В долгом пути от радикального Гоббса, заявившего, что человек человеку не менее чем lupus est, проходя мимо осторожного и хитрого Фромма, балансирующего на грани добра и зла, призывающего некрофилов и копрофагов обратиться в светлую веру всеобщей любви, кивая препарирующему сверхчеловека Ницше, стреляя сигарету у трансцендентального Сартра, собираешь, как тебе кажется, крупицы истины, камни мироздания, но из которых в итоге построишь не храм, а стену.
Избавившись к заветному окончанию пубертатного периода от роя детских комплексов, уверовав в свою исключительность и неповторимость, юная особь, считая себя уже вполне «сапиенсом», бросается, бурля горячей кровью, «в мир» и на полном ходу врезается в стену, построенную стараниями окружающих.

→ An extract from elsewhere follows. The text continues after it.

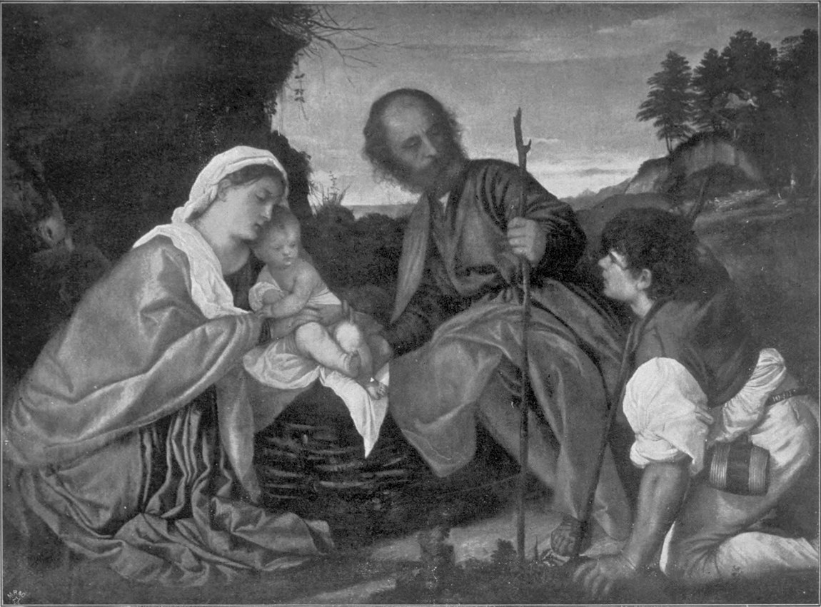 Die Nationalgalerie zu London besitzt ein Gemälde, bei dem ein Zweifel darüber, ob es ein Werk Tizians aus seiner Jugendzeit sei, wohl kaum bestehen kann. Es stellt die Krippe zu Bethlehem dar (Abb. 3). Maria und Joseph, dieser sitzend, jene[S. 9] knieend, halten das sehr zarte Kind zwischen sich auf der aus Korbgeflecht gebildeten Krippe. Maria schmiegt ihre Wange an den Scheitel des Kindes; der im Ausdruck sehr innige Kopf setzt mit einem weißen Schleier ganz hell von der dunklen Wand eines Felsens ab. Josephs dunkler Kopf steht auf der lichten Luft. Der Blick des Pflegevaters ist auf den ersten Ankömmling der Hirten gerichtet — es ist eine prächtige Figur eines italienischen Hirtenbuben —, der niederknieend seine Blicke treuherzig und gläubig in die Augen des Kindes senkt. Im Hintergrund sieht man den Verkündigungsengel bei den Schafhirten im Felde. Der Ochs und der Esel, die nach alter Überlieferung bei dieser Darstellung nicht fehlen dürfen, werden an der Felswand im Rücken Marias sichtbar. — Auch in diesem sehr schönen Bild machen sich auffallende Unvollkommenheiten der Zeichnung bemerklich; besonders störend in der Figur Josephs, wo der Kopf nicht recht auf den Schultern sitzt.

Трещит неокрепший череп, и проливается первая кровь – восторженный щенок теряет невинность и вместе с ней изрядную долю врождённой наивности и непосредственности, в большинстве случаев пополняет ряды таких-же-как-все соплеменников и присоединяется к упрочению стены.

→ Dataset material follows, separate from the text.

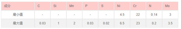 022Cr23Ni5Mo3N管材料相當于ASME什么材料?022Cr23Ni5Mo3N (S22053)屬于國標雙相不銹鋼,執行標準:GB /T 20878-2007,相當于ASME S32205。022Cr23Ni5Mo3N (S22053)化學成分如下圖:
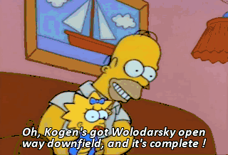 Oh, Kogen's got Wolodarsky open way downfield, and it's complete !

Немногие, избежавшие этой незавидной, но типичной участи, бьются поодиночке с обратной стороны стены больше из духа противоречия, поскольку её не пробить, а чтобы попасть по эту сторону, стену нужно не ломать, а, напротив, строить. Они могли бы объединить свои бесплодные усилия, но гордость или тщеславие велит им махать своим кайлом-черепом в одиночестве. Но и это объединение было бы безрезультатным. Стена незыблема. Да и зачем её ломать? Чтобы попасть туда, ко всем, к чавкающему стаду ничтожеств? Чтобы открыть им глаза и, подчиняясь светлому душевному порыву, вывести за пределы стены пробитым собственной головой путём? Так ведь не пойдут они с нагретых долгими задами мест, от привычной обстановки, от милой сердцу заплёванной, но нерушимой стены, укрывающей их от… От чего? Не важно. Врагов много. Если вдруг возникает их недостаток – их придумывают или назначают, на то есть правительство, управляемое общество и условно независимая церковь. А те, бьющие в неподатливый серый камень стены с её обратной, и оттого противозаконной, стороны, продолжают долгий путь развития от лёгкого, как случайный летний насморк, маниакально-депрессивного психоза до полномасштабной шизофрении или какого-нибудь труднопроизносимого синдрома.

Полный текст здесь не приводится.